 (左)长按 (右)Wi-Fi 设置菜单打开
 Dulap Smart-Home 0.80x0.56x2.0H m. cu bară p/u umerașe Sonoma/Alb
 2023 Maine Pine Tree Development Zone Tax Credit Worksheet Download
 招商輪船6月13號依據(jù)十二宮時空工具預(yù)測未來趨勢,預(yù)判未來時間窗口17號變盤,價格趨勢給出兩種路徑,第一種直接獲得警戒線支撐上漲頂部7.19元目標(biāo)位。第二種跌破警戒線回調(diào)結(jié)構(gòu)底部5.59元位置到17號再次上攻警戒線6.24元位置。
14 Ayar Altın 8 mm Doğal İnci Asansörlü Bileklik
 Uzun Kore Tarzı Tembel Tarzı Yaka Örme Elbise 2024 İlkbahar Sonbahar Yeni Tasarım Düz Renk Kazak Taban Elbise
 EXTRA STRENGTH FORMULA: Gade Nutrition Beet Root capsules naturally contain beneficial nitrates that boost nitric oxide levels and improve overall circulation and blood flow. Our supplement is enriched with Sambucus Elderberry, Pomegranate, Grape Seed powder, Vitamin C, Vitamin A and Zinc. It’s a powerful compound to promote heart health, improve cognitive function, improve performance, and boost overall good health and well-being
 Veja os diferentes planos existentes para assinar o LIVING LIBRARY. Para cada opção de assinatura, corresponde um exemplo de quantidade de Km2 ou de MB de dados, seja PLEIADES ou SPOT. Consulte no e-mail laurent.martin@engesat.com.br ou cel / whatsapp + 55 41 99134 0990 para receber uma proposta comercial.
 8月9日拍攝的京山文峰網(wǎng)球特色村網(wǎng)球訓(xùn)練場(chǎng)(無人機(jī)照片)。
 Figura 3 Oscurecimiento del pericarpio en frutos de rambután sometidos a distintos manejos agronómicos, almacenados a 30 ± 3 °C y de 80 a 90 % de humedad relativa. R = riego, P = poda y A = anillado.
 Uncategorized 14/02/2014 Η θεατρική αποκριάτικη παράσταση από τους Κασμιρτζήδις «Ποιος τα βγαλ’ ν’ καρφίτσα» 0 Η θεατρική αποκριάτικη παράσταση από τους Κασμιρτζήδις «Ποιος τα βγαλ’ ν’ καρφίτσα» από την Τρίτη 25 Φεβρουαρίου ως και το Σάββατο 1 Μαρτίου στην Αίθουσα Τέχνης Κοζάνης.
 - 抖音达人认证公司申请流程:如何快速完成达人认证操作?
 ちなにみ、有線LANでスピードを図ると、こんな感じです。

________

Exercise instructions: Set down exactly the lines from the one that contains "2023 Maine Pine" to the final line above, both included, and nothing more.

Output of the task:
 2023 Maine Pine Tree Development Zone Tax Credit Worksheet Download
 招商輪船6月13號依據(jù)十二宮時空工具預(yù)測未來趨勢,預(yù)判未來時間窗口17號變盤,價格趨勢給出兩種路徑,第一種直接獲得警戒線支撐上漲頂部7.19元目標(biāo)位。第二種跌破警戒線回調(diào)結(jié)構(gòu)底部5.59元位置到17號再次上攻警戒線6.24元位置。
14 Ayar Altın 8 mm Doğal İnci Asansörlü Bileklik
 Uzun Kore Tarzı Tembel Tarzı Yaka Örme Elbise 2024 İlkbahar Sonbahar Yeni Tasarım Düz Renk Kazak Taban Elbise
 EXTRA STRENGTH FORMULA: Gade Nutrition Beet Root capsules naturally contain beneficial nitrates that boost nitric oxide levels and improve overall circulation and blood flow. Our supplement is enriched with Sambucus Elderberry, Pomegranate, Grape Seed powder, Vitamin C, Vitamin A and Zinc. It’s a powerful compound to promote heart health, improve cognitive function, improve performance, and boost overall good health and well-being
 Veja os diferentes planos existentes para assinar o LIVING LIBRARY. Para cada opção de assinatura, corresponde um exemplo de quantidade de Km2 ou de MB de dados, seja PLEIADES ou SPOT. Consulte no e-mail laurent.martin@engesat.com.br ou cel / whatsapp + 55 41 99134 0990 para receber uma proposta comercial.
 8月9日拍攝的京山文峰網(wǎng)球特色村網(wǎng)球訓(xùn)練場(chǎng)(無人機(jī)照片)。
 Figura 3 Oscurecimiento del pericarpio en frutos de rambután sometidos a distintos manejos agronómicos, almacenados a 30 ± 3 °C y de 80 a 90 % de humedad relativa. R = riego, P = poda y A = anillado.
 Uncategorized 14/02/2014 Η θεατρική αποκριάτικη παράσταση από τους Κασμιρτζήδις «Ποιος τα βγαλ’ ν’ καρφίτσα» 0 Η θεατρική αποκριάτικη παράσταση από τους Κασμιρτζήδις «Ποιος τα βγαλ’ ν’ καρφίτσα» από την Τρίτη 25 Φεβρουαρίου ως και το Σάββατο 1 Μαρτίου στην Αίθουσα Τέχνης Κοζάνης.
 - 抖音达人认证公司申请流程:如何快速完成达人认证操作?
 ちなにみ、有線LANでスピードを図ると、こんな感じです。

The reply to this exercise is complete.